10 Responses to “Why Do Your Foster Children Call You Mom and Dad?”

  1. Very good article, with very good points! I enjoyed reading it!

  2. Lanette says:

    Thank you for reading and commenting. Merry Christmas!!

  3. hsaxton says:

    The first time I set eyes on my (now) son, as a foster care placement, he called me “the Mommy.” That extra article about broke my heart! He had been through so many homes, “Mommy” was a function, not a person.

    Thankfully, it was his last stop; we adopted him three years later. His birthmother strenuously objected when the kids started calling me “Mom,” until I took her aside and reminded her that we needed to work as a team to get them through this. “No one else can be their birthmom,” I said. “But I am their mom, too — their FOSTER Mom. I take that very seriously — and your kids are better off because of it.”

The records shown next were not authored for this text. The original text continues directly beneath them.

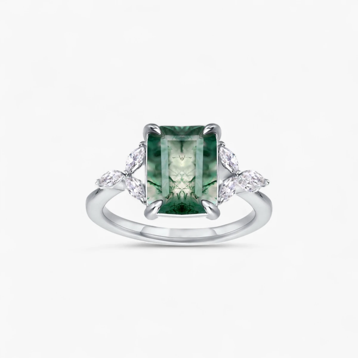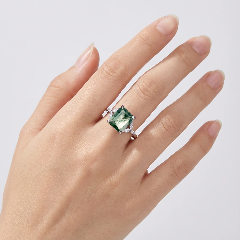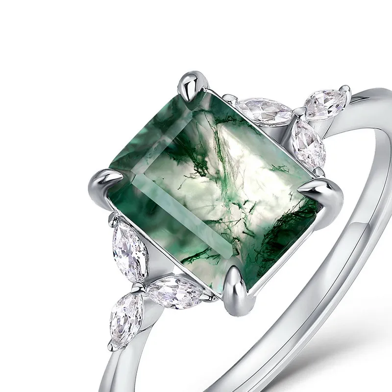 Step up your style game with this stunning 3ct emerald-cut moss agate silver ring! It’s more than just a pretty bauble; it’s a statement that whispers ‘unique’ and ‘elegant’ all at once. Imagine the earth’s verdant secrets encapsulated in this lush green stone, every twist and turn of the moss pattern telling a tale of nature’s serenity. Crafted with love in sterling silver, it’s a ring that adds a touch of whimsy to every outfit, making you feel like a walking work of art. Whether you’re dressing up for a special occasion or keeping it casual, this ring is the perfect accessory to elevate your look.
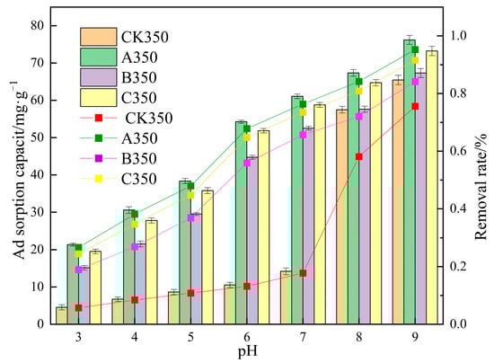 4.4.3. The Influence of the Initial Solution pH Value on the Adsorption Experiment
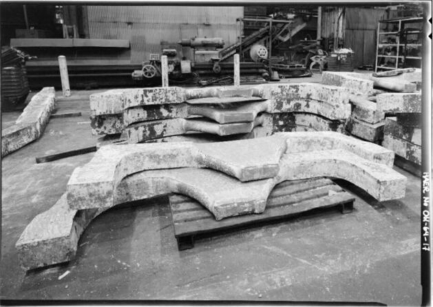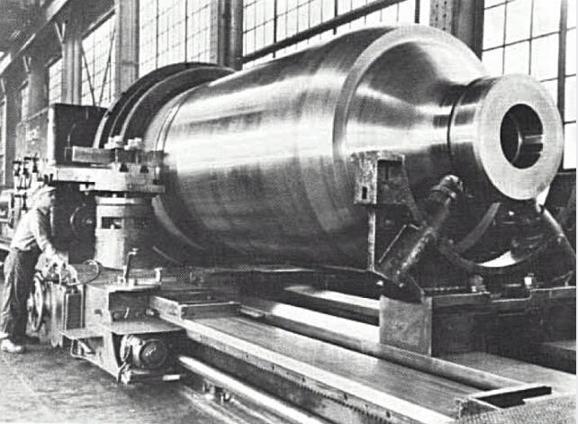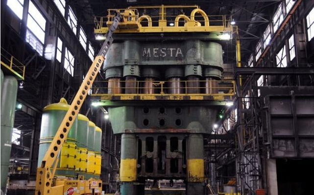 美国铝业位于俄亥俄州克利夫兰工厂的45000吨模锻水压机。1955年由梅斯塔(MESTA)公司制造。
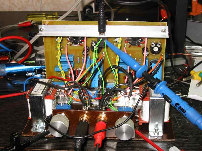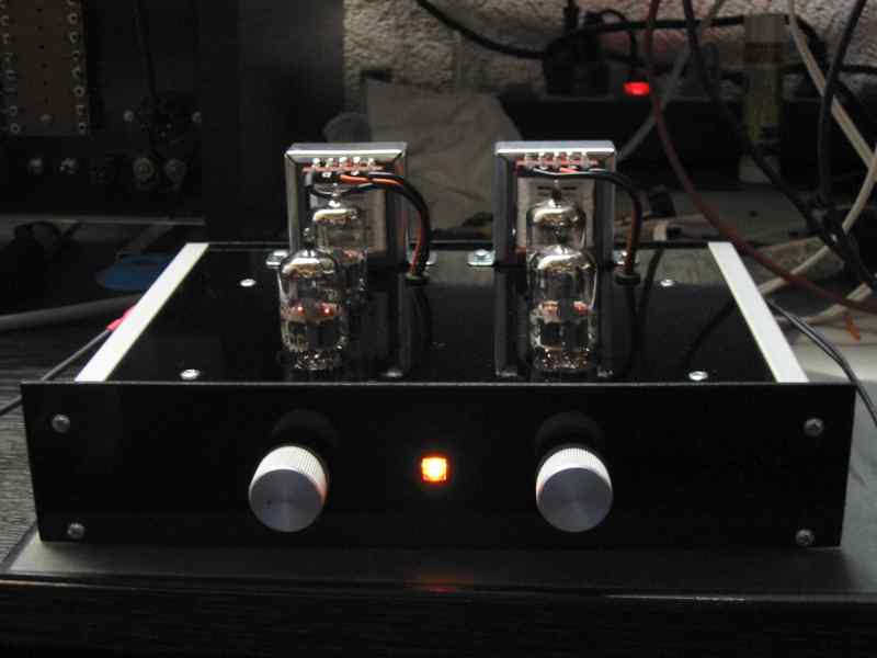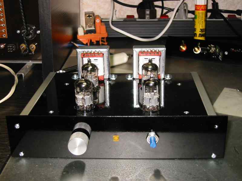 Alles fing an mit einer "Schnapsidee" und endete letzt endlich in dem hier vorgestellten Gegentakt- verstärker. Das "Verstärkerchen" hat ausreichend Leistung um auch etwas Leistungshungrige Kopfhörer zu versorgen. Durch die Gegentaktschaltung ist Brumm absolut kein Thema. Für die Dimensionierung der Schaltung habe ich eine für Röhren extrem niederohmige Variante gewählt. Das brachte mir folgende Vorteile : - Die Phasenumkehr

    Eventually she came around. I know it was hard for her, but she understood that her kids had a better situation than most kids who go into foster care. And that I would always honor the role she had in their lives: the one who chose to give them life.

    http://www.catholicmom.com/saxton.htm

  4. Lanette says:

    Thank you for sharing your experience, hsaxton.

  5. Chance says:

    When we first started fostering we had no idea what to call ourselves. Our first placement was with a 13 month old boy and followed by an 18 month old 5 months later. They both called us by our first name until the 13 month old was almost 2 and we realized that we were going to adopt him. so we changed to mommy and daddy and the other boy followed suit. Since then, other kids have called us mommy and daddy (we have young ones, under 18 months) so we just start off with mommy and daddy becuase it seems to fit. Although we do get a lot of looks from friends and family when doing this b/c it’ll confuse them. Thanks for writing this article!

    Also – what do they call grandparents, aunts and uncles?

  6. Lanette says:

    It was my pleasure writing this article. Thank you for reading and leaving a comment. It depends on the person and how they feel about our foster children. Must of the time they call them the same names my children do (ex:Pops, Granny, Uncle Paul, KK for Aunt Kathy). I will write about extend family and how that works, soon.

  7. thmccarty says:

    I am an adult foster/adoptee. I called all of my foster parents mom and dad. It made it easier on me. I felt like I belonged to that family even if it was for a short while. My brothers were adopted before I was by their foster families… and I call them mom and dad. They called my a-parents mom and dad. I called all my fosters siblings, brother and sister, it made sense especially to a small child.

  8. Lanette says:

    Thank you for reading and giving us a viewpoint for a foster/adoptee.

  9. sos@nep.net says:

    We specialized in teens, usually drug and alcohol long-term placement. We allowed either first names or Mom and Dad. Our rationale: Mom and Dad can be someone who are at your Christmas concert, help you with that late night English assignment, are there when you cry. They also have a mother and a father, those are the people involved in bringing you in the world – some were also a mom and dad to the best of their ability, most were not.

  10. Lanette says:

    Thank you for reading and commenting on your personal experiences. Have a Merry Christmas.